Drawing from Gartner analyst Doug Laney’s three V’s concept (data volume, velocity, and variety) introduced in 2001, this article delves into best practices for AI integration in drug discovery. These principles, used across industries, serve as a roadmap toward successful and scalable implementation of AI in drug discovery.

Dealing with velocity: When a trickle turns into a torrent

One hallmark of recent scientific advances — from genomics to mass spectrometry — is the quickening pace of data generation. The NIH’s National Human Genome Research Institute notes that computer systems will need an estimated 40 exabytes to house the genome-sequence data generated worldwide by 2025.

Other techniques that rapidly churn out data include Next-Generation Sequencing (NGS), proteomics, and molecular dynamics simulations, alongside cryo-EM microscopy. As Anderson points out, “One cryo-EM microscope can generate 10s if not 100s of datasets on a daily basis.”

To make sense of such a rapid influx of data, format and structure are key. Data needs to be structured so that it can be readily consumed by AI and ML models. Reformatting and standardizing this data in a comprehensive manner can be time- and cost-consuming for mature pharmaceutical firms with substantial and fragmented data sets.

A significant companies are prepared to invest significant sums in AI projection, according to recent data from CRB’s Horizons Life Sciences 2023 report. One-fifth were planning on spending $10–50 million over the next two years, while 49% planned on spending $1–$10 million.

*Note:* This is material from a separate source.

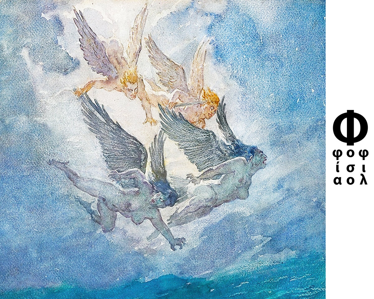 Вашему вниманию представляется работа «Ветер и Фурии» («Wind and the Furies») австралийского художника Нормана Линдсея (Norman Lindsay). Не упомнить сюжета, в котором какие-либо ветра преследовали древнеримских богинь мести и ненависти Фурий (др.-греч. Эринии). Однако сия работа мгновенно отсылает к истории о том, как Зет и Калаид (крылатые сыновья бога ветра Борея) однажды гонялись за Гарпиями. Дело было так. Жил-был слепой прорицатель Финей. Его боги лишили зрения в наказание за то, что он по наущению мачехи ослепил своих собственных детей. Другие поговаривают, за то, что он указал детям Фрикса морской путь из Колхиды в Элладу. Как бы там ни было, беда Финею пришла не одна. Боги наслали на него Гарпий, отвратительных крылатых существ женского пола. «И каждый раз, как для Финея накрывали стол, они стремглав спускались с неба и похищали большую часть еды, а то немногое, что оставалось на столе, заражали таким зловонием, что есть это было невозможно». Однажды аргонавты были у Финея и пр

Anticipating crushing data volumes in AI drug discovery projects

Closely related to the theme of data velocity is data volume. “A single cryo-EM measurement can produce data as large as 80 gigabytes,” Anderson said. “Given the rapid data generation capability of a cryo-EM microscope, you’re soon dealing with terabytes of data.”

Storing such data volumes can prove challenging. “Transferring such vast amounts of data to an AI model on the cloud, whether it’s AWS, Google Cloud, or Azure, in a just-in-time manner presents a significant network challenge,” Anderson said.

Anderson notes anecdotes of labs that have used the practice — sometimes referred to as “sneakernet” — to transfer large data sets via a storage device with a courier. “It’s always interesting to note that, similar to the tanker car full of water analogy, here we have a tanker car full of data. And it sometimes seems easier to ship than to push through a hose,” he said.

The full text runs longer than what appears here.